▶ **WHAT THE TASK ASKS**: All of the entries need to be printed again exactly; pictures are the only thing to omit.

Items listed in a dataset:
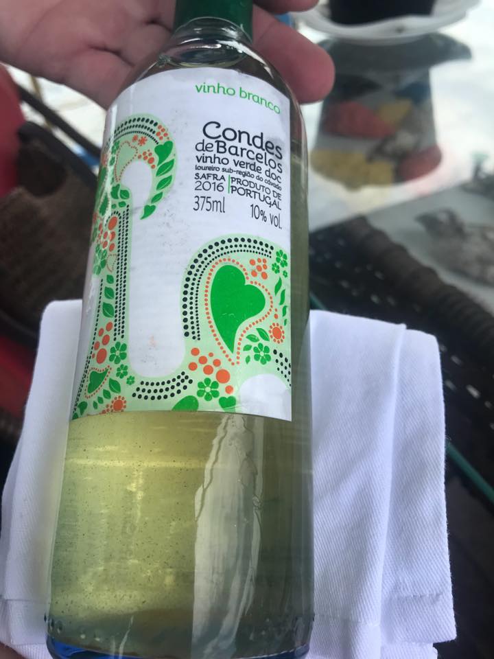 No Ostradamus há uma adega especial, com vinhos do Novo e do Velho Mundo, mas optei pelo vinho português verde Conde de Barcelos. A refeição se torna ainda mais especial no ambiente do trapiche:
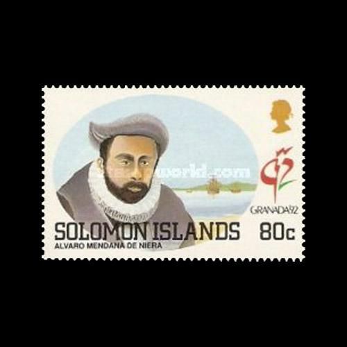 Sello de las Islas Salomón, editado para la expo filatélica de Granada de 1992, nos muestra nuevamente al descubridor de aquellas lejanas tierras, Álvaro de Mendaña y Neira.
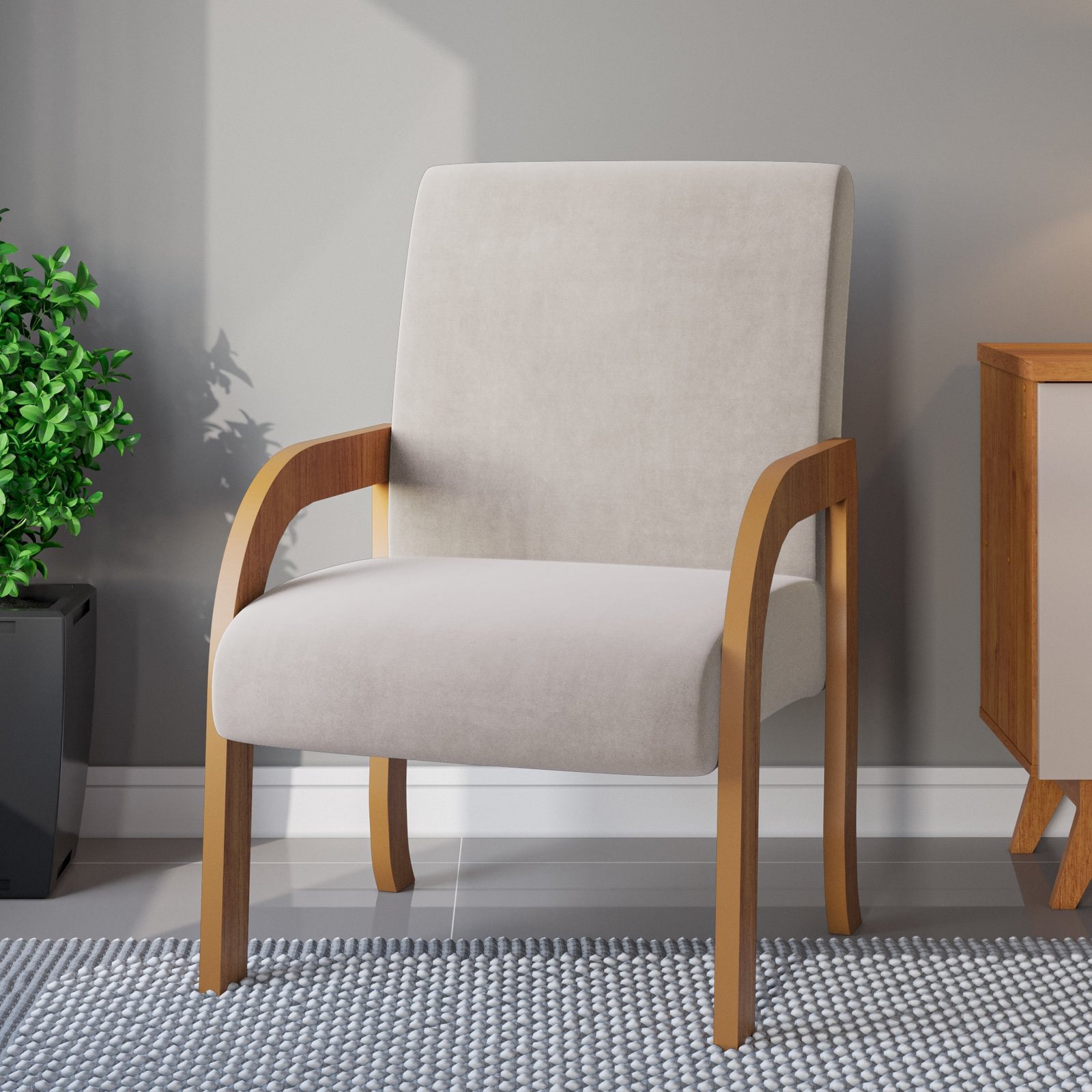 Poltrona Vand Mel/Veludo Marfim – VIERO MÓVEIS
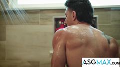 Depois de um pouco de partilha e ternura debaixo do chuveiro, lambidas de rabos apertados e felações, passam ao sofá para começar a chupar!
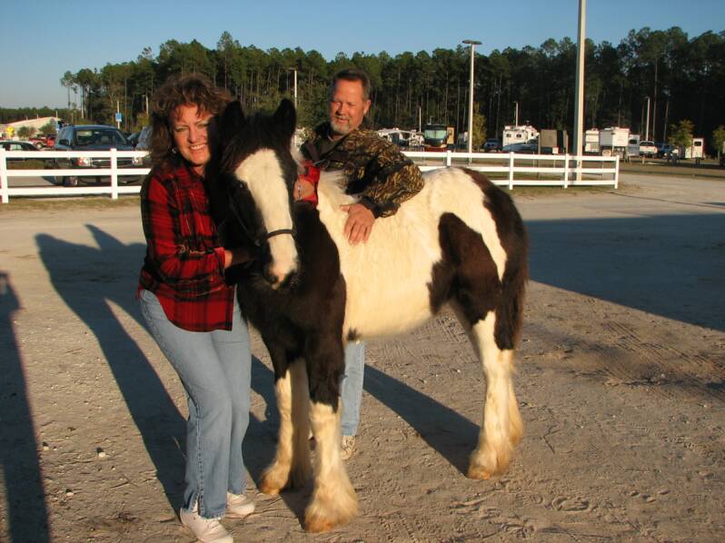 He is trained several times a week and is building great muscle and tone although Conner has a very natural athletic well muscled build. He is still a young colt in his head and as sweet as he has ever been. He has a double mane and the absolute thickest solid black tail we have frankly ever seen on a Gypsy.
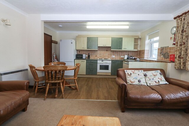 Venture inside to discover the open-plan living area, where you can relax on the inviting seating in front of the Smart TV with a DVD player, perfect for a relaxing movie night in. The electric fire adds a touch of warmth and ambience to the room, making it an ideal spot to unwind after a day of exploring.
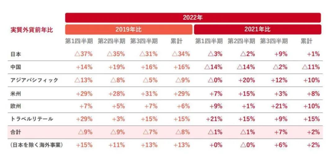 日本资生堂集团的财报数据也显示,2022年前三季度,中国市场累计销售额为1719亿日元(约合人民币85.16亿元),同比下滑9.9%,经营亏损持续扩大至87亿日元(约合人民币4.31亿元)。
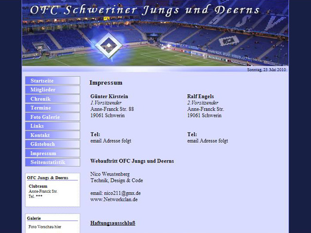 Hier ein paar Screenshots der neuen Webseite vom OFC Schweriner Jungs und Deerns
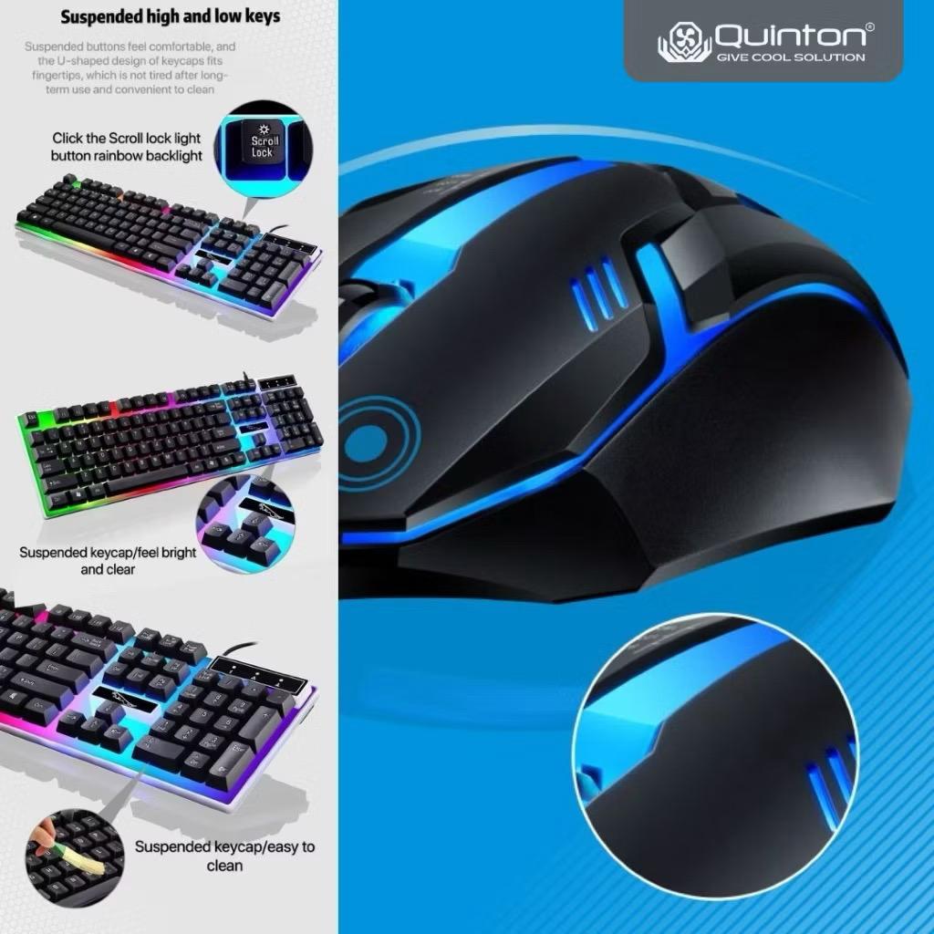 Quinton Keyboard combo mouse GAMING RGB USB wired full size 104Keys for desktop PC Laptop windows
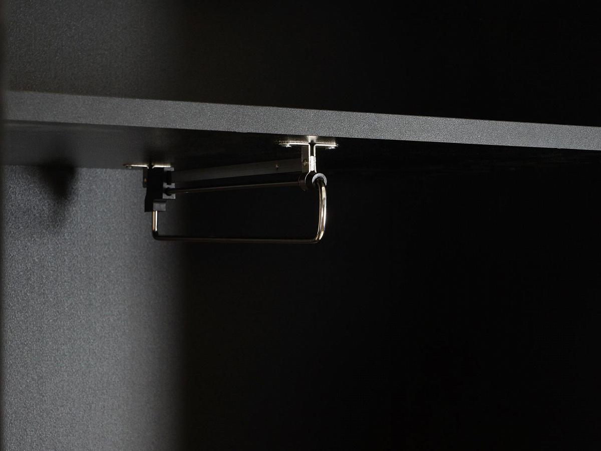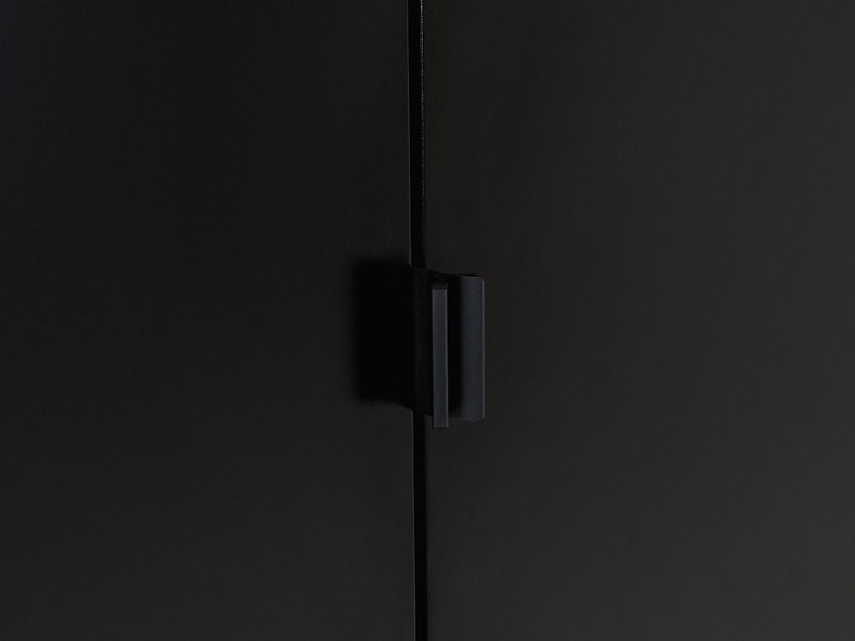 Запросить индивидуальное предложениеЗа двумя распашными дверями слева расположено отделение с выдвижной штангой для хранения одежды на плечиках и с полкой для головных уборов. Справа находится отделение с четырьмя полками. Полки съёмные, по высоте не переставляются. Крышка и нижний щит шкафа изготовлены из МДФ т. 16мм и окрашены в черный цвет полиуретановой эмалью.
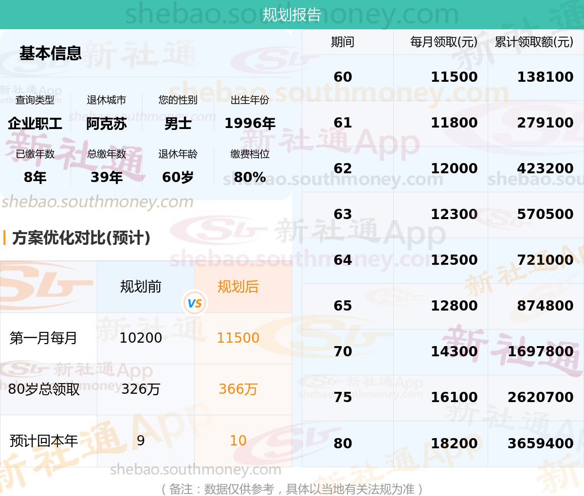规划前:参保城市:阿克苏,性别:男士,出生年月:1996,已缴年限:8年,总缴年数:39年,退休年龄:60岁,缴费档位:80%。

▶ **SOLUTION TO THIS TASK**:
 No Ostradamus há uma adega especial, com vinhos do Novo e do Velho Mundo, mas optei pelo vinho português verde Conde de Barcelos. A refeição se torna ainda mais especial no ambiente do trapiche:
 Sello de las Islas Salomón, editado para la expo filatélica de Granada de 1992, nos muestra nuevamente al descubridor de aquellas lejanas tierras, Álvaro de Mendaña y Neira.
 Poltrona Vand Mel/Veludo Marfim – VIERO MÓVEIS
 Depois de um pouco de partilha e ternura debaixo do chuveiro, lambidas de rabos apertados e felações, passam ao sofá para começar a chupar!
 He is trained several times a week and is building great muscle and tone although Conner has a very natural athletic well muscled build. He is still a young colt in his head and as sweet as he has ever been. He has a double mane and the absolute thickest solid black tail we have frankly ever seen on a Gypsy.
 Venture inside to discover the open-plan living area, where you can relax on the inviting seating in front of the Smart TV with a DVD player, perfect for a relaxing movie night in. The electric fire adds a touch of warmth and ambience to the room, making it an ideal spot to unwind after a day of exploring.
 日本资生堂集团的财报数据也显示,2022年前三季度,中国市场累计销售额为1719亿日元(约合人民币85.16亿元),同比下滑9.9%,经营亏损持续扩大至87亿日元(约合人民币4.31亿元)。
 Hier ein paar Screenshots der neuen Webseite vom OFC Schweriner Jungs und Deerns
 Quinton Keyboard combo mouse GAMING RGB USB wired full size 104Keys for desktop PC Laptop windows
 Запросить индивидуальное предложениеЗа двумя распашными дверями слева расположено отделение с выдвижной штангой для хранения одежды на плечиках и с полкой для головных уборов. Справа находится отделение с четырьмя полками. Полки съёмные, по высоте не переставляются. Крышка и нижний щит шкафа изготовлены из МДФ т. 16мм и окрашены в черный цвет полиуретановой эмалью.
规划前:参保城市:阿克苏,性别:男士,出生年月:1996,已缴年限:8年,总缴年数:39年,退休年龄:60岁,缴费档位:80%。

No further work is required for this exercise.